=========
In May 2007 I ran some benchmarks of Dragonfly 1.8 to evaluate
progress of its SMP implementation, which was the original focus of
the project when it launched in 2003 and is still widely believed to
be an area in which they had made concrete progress. This was part of
a larger cross-OS multiprocessor performance evaluation comparing
improvements in FreeBSD to Linux, NetBSD and other operating systems.
The 2007 results [1] showed essentially no performance increase from
multiple processors on dragonfly 1.8, in contrast to the performance
of FreeBSD 7.0 which scaled to 8 CPUs on the benchmark.

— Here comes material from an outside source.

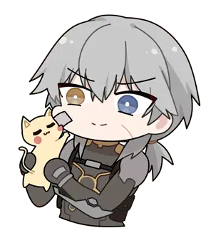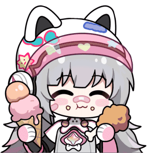 Nanami from Punishing: Gray Raven happily eats a pink ice cream cone and another treat, with a cute, messy face.
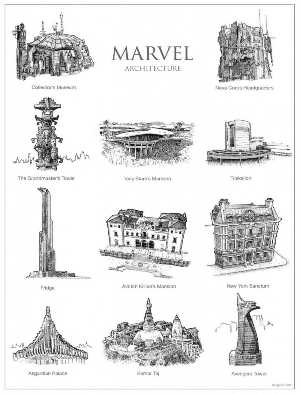 Kako bi prikazali njihovu sirovu lepotu sajt Angie’s List predstavio je seriju skica Fictional Architecture koja slavi arhitekturu ovih objekata u formi ilustracija. Papir i olovka poslužili su da se predstave neke od nezaboravnih arhitektonskih dela iz serije Igre prestola, filmova o Hariju Poteru, ostvarenja iz Marvelovog univerzuma ali i popularnih video-igara kao što je Skyrim.

Recently Dragonfly 1.12 was released, and the question was raised on
the dragonfly-users list [2] of how well the OS performs after a
further year of development. I performed several benchmarks to study
this question.
MySQL
-----
This is a good general test of kernel performance and parallelism, as
well as performance of the thread library. MySQL performance
(together with PostgreSQL performance) has been a driving force in
FreeBSD, Linux and NetBSD SMP development over the past year, see
http://people.freebsd.org/~kris/scaling/os-mysql.png
In this round of testing I compared Dragonfly 1.12-RELEASE, FreeBSD
4.11-STABLE and FreeBSD 7.0-RELEASE, running on the same 8-core Xeon
hardware. On Dragonfly and FreeBSD 4.11 the GENERIC kernel
configuration was used except for enabling SMP and APIC_IO (for the
SMP tests), and removing I486_CPU. Under FreeBSD 7.0 the GENERIC
kernel was used except for enabling the SCHED_ULE scheduler, removing
I486_CPU and enabling SMP when appropriate. The test applications
were compiled from ports/pkgsrc and the same versions and
configuration options used for each OS.
Other configuration is the same as in my previous test and is also
documented here
http://people.freebsd.org/~kris/scaling/mysql.html
Here are the results:
http://people.freebsd.org/~kris/scaling/dfly-mysql.png
Dragonfly 1.12 achieves peak SMP performance of only 15% better than
UP performance, and drops to about 50% below UP performance at higher
loads. Enabling SMP has a 20% performance overhead on this benchmark.
UP mode is faster than 4.11 when using the libthread_xu library. With
libc_r (not graphed) performance is identical to 4.11 in both UP and
SMP mode, so the UP performance increase is most likely due to the
thread library.
Note: I am using mysql 5.0.51 in the current tests, which has
different performance characteristics than the older 5.0.37 tested
last year, so the current data cannot directly be compared to the
previous dragonfly 1.8 graphs to evaluate whether a small amount of
progress was made since 1.8. However, there does not appear to be any
significant performance improvement from dragonfly 1.8 to 1.12.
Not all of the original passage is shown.